Here we demonstrate the scregclust workflow using the PBMC data from 10X Genomics (available here). This is the same data used in an introductory vignette for the Seurat package. We use Seurat for pre-processing of the data.
# Load required packages
library(Seurat)
library(scregclust)
Download the data
We are focusing here on the filtered feature barcode matrix available as an HDF5 file from the website linked above. The data can be downloaded manually or using R.
However you obtain the data, the code below assumes that the HDF5
file containing it is placed in the same folder as this script with the
name
pbmc_granulocyte_sorted_3k_filtered_feature_bc_matrix.h5
.
url <- paste0(
"https://cf.10xgenomics.com/samples/cell-arc/2.0.0/",
"pbmc_granulocyte_sorted_3k/",
"pbmc_granulocyte_sorted_3k_filtered_feature_bc_matrix.h5"
)
data_path <- file.path(
tempdir(), "pbmc_granulocyte_sorted_3k_filtered_feature_bc_matrix.h5"
)
download.file(url, data_path, cacheOK = FALSE, mode = "wb")
Load the data in Seurat and preprocess
To perform preprocessing use Seurat to load the data. The file ships with two modalities, “Gene Expression” and “Peaks”. We only use the former.
pbmc_data <- Read10X_h5(
data_path,
use.names = TRUE,
unique.features = TRUE
)[["Gene Expression"]]
#> Genome matrix has multiple modalities, returning a list of matrices for this genome
We create a Seurat object and follow the Seurat vignette to subset the cells and features (genes).
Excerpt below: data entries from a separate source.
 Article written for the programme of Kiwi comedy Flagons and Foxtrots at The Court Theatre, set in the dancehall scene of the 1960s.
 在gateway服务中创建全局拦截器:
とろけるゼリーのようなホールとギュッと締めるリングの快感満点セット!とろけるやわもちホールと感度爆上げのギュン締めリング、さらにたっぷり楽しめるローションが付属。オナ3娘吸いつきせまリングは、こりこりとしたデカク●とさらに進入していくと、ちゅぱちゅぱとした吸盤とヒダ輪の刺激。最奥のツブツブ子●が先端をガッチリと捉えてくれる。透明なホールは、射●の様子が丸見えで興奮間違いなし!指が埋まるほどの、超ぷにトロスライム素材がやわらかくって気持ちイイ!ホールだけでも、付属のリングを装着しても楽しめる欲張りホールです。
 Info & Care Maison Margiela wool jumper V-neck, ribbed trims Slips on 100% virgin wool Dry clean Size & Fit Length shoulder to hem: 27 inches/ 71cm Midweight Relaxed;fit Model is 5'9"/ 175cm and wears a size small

pbmc <- CreateSeuratObject(
counts = pbmc_data, min.cells = 3, min.features = 200
)
pbmc[["percent.mt"]] <- PercentageFeatureSet(pbmc, pattern = "^MT.")
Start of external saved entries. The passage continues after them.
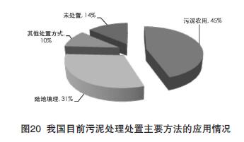 目前,我國的污泥處理處置主要方法中,污泥農(nóng)用約占44.8%、陸地填埋約占31%、其它處置約占10.5%、沒有處置的約占13.7%(見圖20)。據(jù)統(tǒng)計,國內(nèi)用于污泥處理處置的投資約占污水處理廠總投資的20%~50%,污泥處理處置仍處于相對滯后的狀態(tài)。
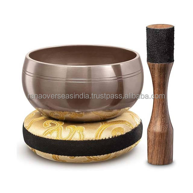 Ensemble de bols chantants en laiton tibétain faits à la main avec coussin de luxe et maillet inclus, parfait pour les besoins de guérison et de méditation
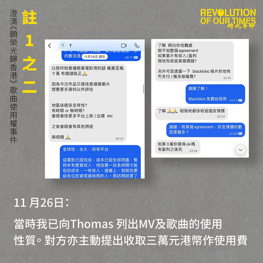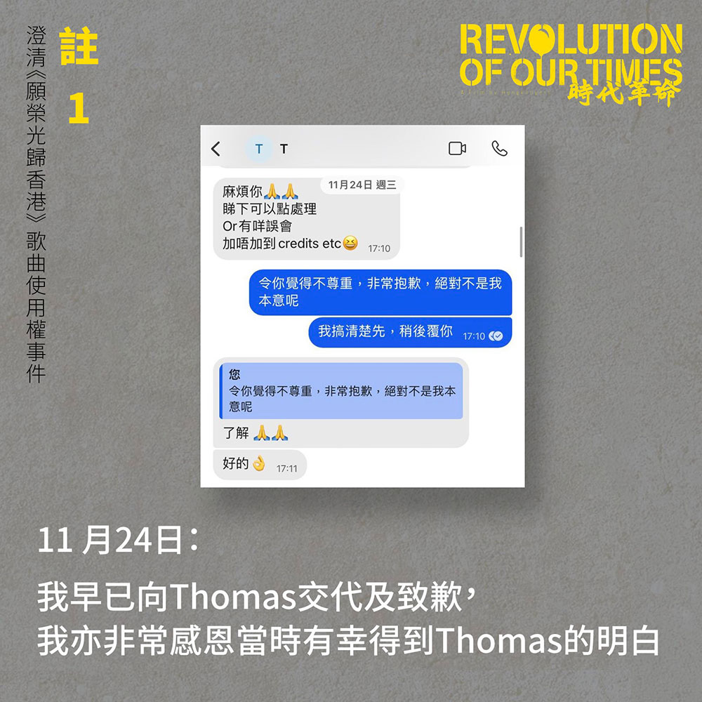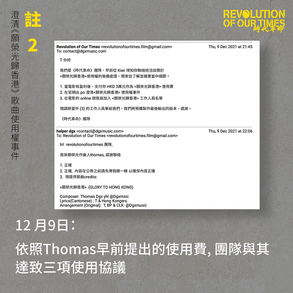 周冠威稱,於2021年11月26日,Thomas主動提出當電影有盈利之後,會收取版權費港幣3萬。《時代革命》團隊與Dgxmusic/Thomas於2021年12月9日,雙方確認版權問題達成協議。當時雙方亦同意,電影盈利後支付港幣三萬元使用費,在官網澄清相關版權爭議並致歉,在線上版本加入歌曲《願榮光歸香港》工作人員名單。
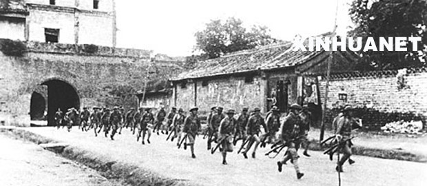 中國軍隊奔赴盧溝橋抵抗日軍

pbmc <- subset(pbmc, subset = percent.mt < 30 & nFeature_RNA < 6000)
SCTransform
is used for variance stabilization of the data and Pearson residuals for
the 6000 most variable genes are extracted as matrix z
.
pbmc <- SCTransform(pbmc, variable.features.n = 6000)
#> Running SCTransform on assay: RNA
#> Running SCTransform on layer: counts
#> vst.flavor='v2' set. Using model with fixed slope and excluding poisson genes.
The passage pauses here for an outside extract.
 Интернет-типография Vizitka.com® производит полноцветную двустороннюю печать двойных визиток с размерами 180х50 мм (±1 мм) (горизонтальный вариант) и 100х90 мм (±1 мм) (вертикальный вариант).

#> Variance stabilizing transformation of count matrix of size 19168 by 2686
#> Model formula is y ~ log_umi
#> Get Negative Binomial regression parameters per gene
#> Using 2000 genes, 2686 cells
#> Found 6 outliers - those will be ignored in fitting/regularization step
#> Second step: Get residuals using fitted parameters for 19168 genes
#> Computing corrected count matrix for 19168 genes
#> Calculating gene attributes
#> Wall clock passed: Time difference of 15.7432 secs
#> Determine variable features
#> Centering data matrix
#> Set default assay to SCT
z <- GetAssayData(pbmc, layer = "scale.data")
dim(z)
#> [1] 6000 2686
Use scregclust for clustering target genes into modules
We then use scregclust_format
which extracts gene
symbols from the expression matrix and determines which genes are
considered regulators. By default, transcription factors are used as
regulators. Setting mode
to "kinase"
uses
kinases instead of transcription factors. A list of the regulators used
internally is returned by get_regulator_list()
.
out <- scregclust_format(z, mode = "TF")
The output of scregclust_format
is a list with three
elements.
-
genesymbols
contains the rownames ofz
-
sample_assignment
is initialized to be a vector of1
s of lengthncol(z)
and can be filled with a known sample grouping. Here, we do not use it and just keep it uniform across all cells. -
is_regulator
is an indicator vector (elements are 0 or 1) corresponding to the entries ofgenesymbols
with 1 marking that the genesymbol is selected as a regulator according to the model ofscregclust_format
("TF"
or"kinase"
) and 0 otherwise.
genesymbols <- out$genesymbols
sample_assignment <- out$sample_assignment
is_regulator <- out$is_regulator
Run scregclust
with number of initial modules set to 10
and test several penalties. The penalties provided to
penalization
are used during selection of regulators
associated with each module. An increasing penalty implies the selection
of fewer regulators. noise_threshold
controls the minimum
a gene has to achieve across modules. Otherwise the gene is marked as
noise. The run can be reproduced with the command below. A pre-fitted
model can be downloaded from GitHub
for convenience.
# set.seed(8374)
# fit <- scregclust(
# z, genesymbols, is_regulator, penalization = seq(0.1, 0.5, 0.05),
# n_modules = 10L, n_cycles = 50L, noise_threshold = 0.05
# )
# saveRDS(fit, file = "datasets/pbmc_scregclust.rds")
url <- paste0(
"https://github.com/scmethods/scregclust/raw/main/datasets/",
"pbmc_scregclust.rds"
)
fit_path <- file.path(tempdir(), "pbmc_scregclust.rds")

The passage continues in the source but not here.